Sangre en las aceras

Ile de Montreal

Ile de Montreal

pupilas dilatadas, el pulso te va a mil. ahora empieza la subida, el éxtasis. te habías prometido una y mil veces que no volverías, que lo dejarías, pero entre visión y visión la verdad se hace latente. eres un adicto. naciste del lado equivocado de la valla, del lado equivocado de la ciudad, del lado equivocado de la vida. estás solo. todos se han apartado de ti. ahora con el chute, estás volando, no sabes ni siquiera donde estás. quizás sea un descampado, una tienda de campaña de ciudad, una acera del Raval o quizás ya te haya borrado la muerte. para el resto de la sociedad no eres nadie. no eres ni reciclable. no vales nada. en realidad, la vida, te lo lleva recordando desde que tienes uso de razón. nadie ha apostado por ti. nadie ha dado un duro por tu futuro. aquí vale el ahora, el ahora o el nunca. hay que sacar la cabeza como sea, pero el agua lo cubre todo. aquellos que deberían ayudarte, guiarte, son los que cuando te ven luchar desde más abajo te tiran hacia ellos. o todos o nadie. de dónde tú vienes el amor es algo del marketing capitalista. sale reflejado en el televisor. nunca tuviste realmente una oportunidad para coger oxígeno. para ser uno de los que se mueven por la realidad con la cabeza alta, con teléfono móvil o gafas de sol a la moda. tú eres el que les mira desde abajo, con el cartón entre las piernas pidiendo una ayuda, pero todos pasan de largo.

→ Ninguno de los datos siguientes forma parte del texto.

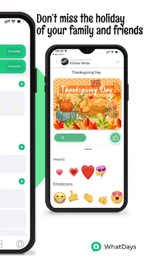 It’s easy and you can totally do it on the run! Simply pick a card and choose who you’re going to send it to. If the contact you’re trying to reach hasn’t installed WhatDays yet, they will receive an invitation to join our community. You can also share this link via messenger.
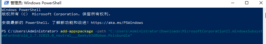 add-appxpackage -path "C:\Users\Administrator\Downloads\MicrosoftCorporationII.WindowsSubsystemForAndroid_1.7.32815.0_neutral___8wekyb3d8bbwe.Msixbundle"
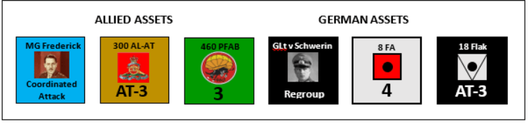 Dan: Assets are support units and special leader capabilities. The support units for both sides include indirect fire (heavy mortars, field artillery and coastal artillery) and anti-tank guns. Allied leaders can seize the initiative (activate their Command without drawing the chit) or coordinate an attack by units of both commands. German leaders can re-group units—this is the only way German units can add steps. Assets are randomly drawn, two assets per side on Turns 2-6. The assets are divided into two groups, those available on Turn 2, and a second group that becomes available on Turn 4 (start of D+1). For the Allies, starting assets represent only those that parachuted in on the morning of D-Day. Most of the Allied heavy weapons units arrive later by glider, and are not available till Turn 4. The German starting assets represent units located nearby, with additional heavier weapons arriving on D+1. Assets are assigned to a Command, and may only support units of their respective command.
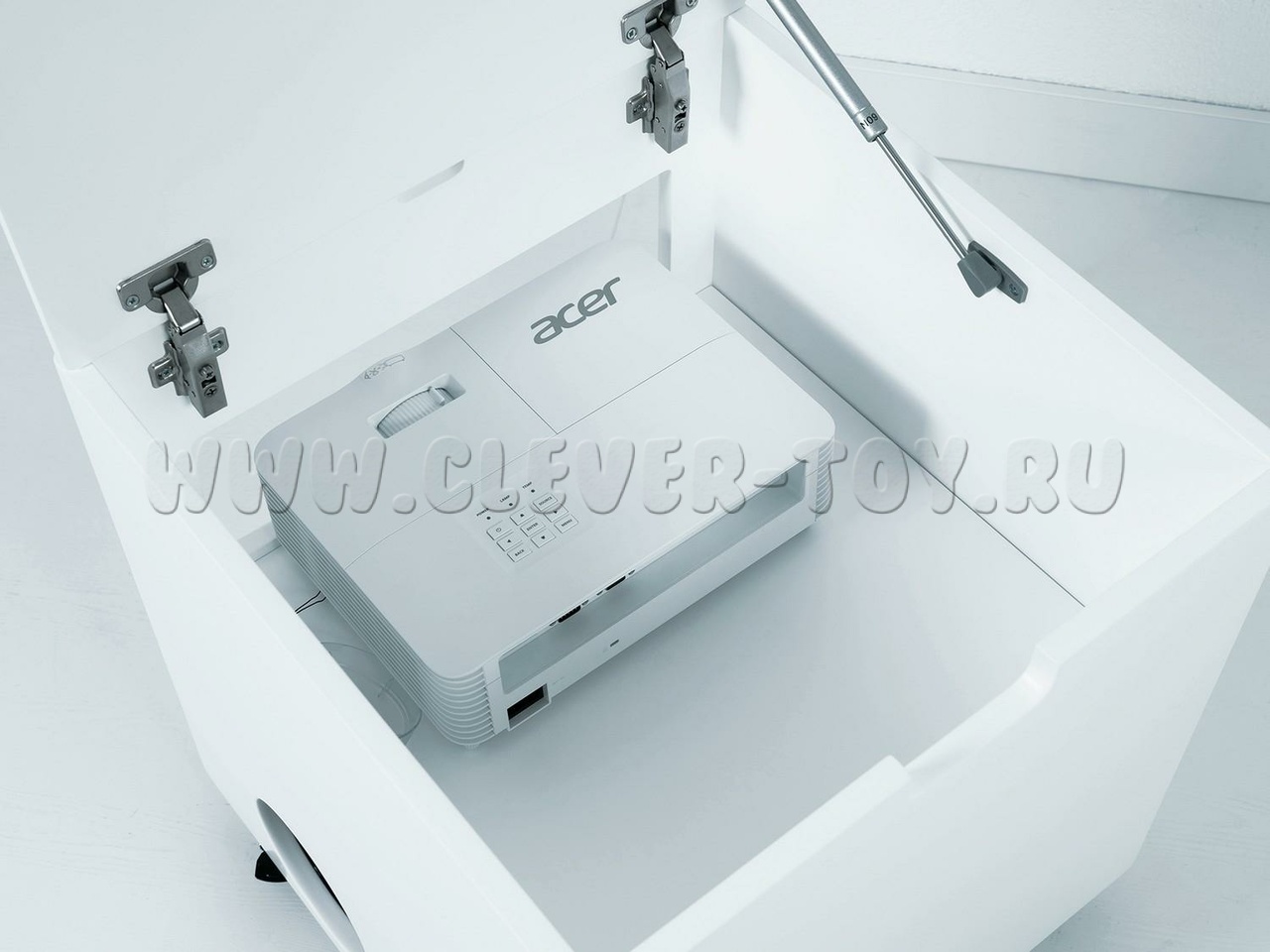 Благодаря подвижной платформе и компактным размерам оборудование легко перемещать между помещениями, а яркий проектор позволяет выводить изображение на различные поверхности.
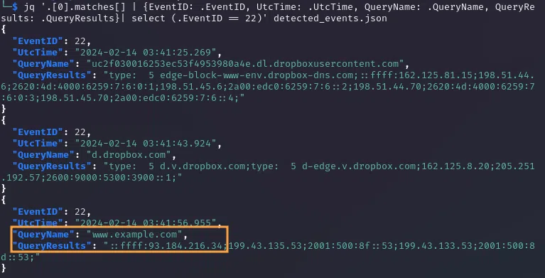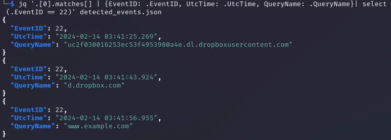 jq '.[0].matches[] | {EventID: .EventID, UtcTime: .UtcTime, QueryName: .QueryName}| select (.EventID == 22)' detected_events.json
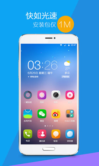 - 【拒绝肥胖臃肿】,让你的手机瘦成一道闪电!Hola用最少的手机内存,带来最流畅的酷炫体验!
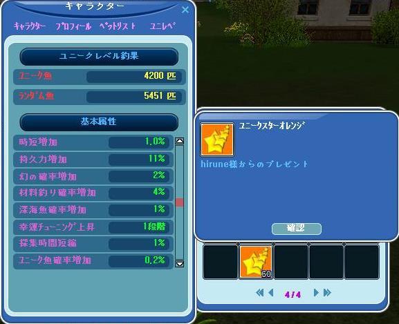 | Lv98アップ&ユニーク魚4200匹おめでとうございますヾ(*´∀`*)ノ |

ahora duermes, estás cansado de luchar. las lágrimas se secaron hace mucho tiempo. y si fluyera algún líquido de tus lagrimales, nadie repararía en ello. ellos no te miran, en realidad ellos te temen. temen que alguien pueda acabar así. temen ser tú, después de una bofetada de la vida. por eso no te miran. por eso no te hacen caso. se miden contigo y saben que nunca serán tú. pero tú, también eres fruto de ellos. tú fuiste el niño que nadie educó. por el que todos sentían pena, pero nadie hacía nada. de albergue en albergue. de pelea en pelea. dejaste de ser el niño para ser un error más del sistema. ya no das lástima siquiera. o eso es lo que se repite en tu cabeza. día tras día. hora tras hora. en realidad, este es uno más de tus sueños lúcidos. aquellos sueños que tu llamas premonitorios. dentro de ti. en lo más oscuro de tu pozo, quizás en el inicio de todo tu dolor enquistado, brilla un pequeño halo de luz. tan débil, que solo puedes ver en sueños. en realidad, ahora lo único que estoy haciendo es narrarlo. no puedo dejar de teclear algo, que yo no soy. algo que yo no he sido. quizás el reflejo del ordenador sea esa pequeña luz que brilla en un día de frio, en una acera de una gran ciudad americana. allí, se acaba de apagar una vida más. no se dará cuenta nadie hasta al cabo de unos días. quizás alguien que quiso preocuparse por esa luz ahora apagada, quizás alguien en la misma situación. pero nadie se pregunta, ni de un lado, ni del otro, quien es la persona que yace allí, entre harapos y chatarra. nadie se pregunta quién maltrató a esta persona para que la vida le llevara a morir en una acera fría y gris, de un mes de diciembre cualquiera. nadie le velará. no llevará identificativo su lápida. aquella pequeña luz enquistada en lo más hondo de su alma le despide y le saluda. lo siento compañero de experiencia terrenal, la suerte nunca la tuviste de tu lado. ahora te pongo voz y cierro tu expediente de alguna forma.

mañana alguien anónimo pondrá unas flores donde estaba tu pequeño fuerte a modo de tienda de campaña, junto a estas palabras: «Bajo la enseña de la libertad, sigue muriendo demasiada gente pisoteada.»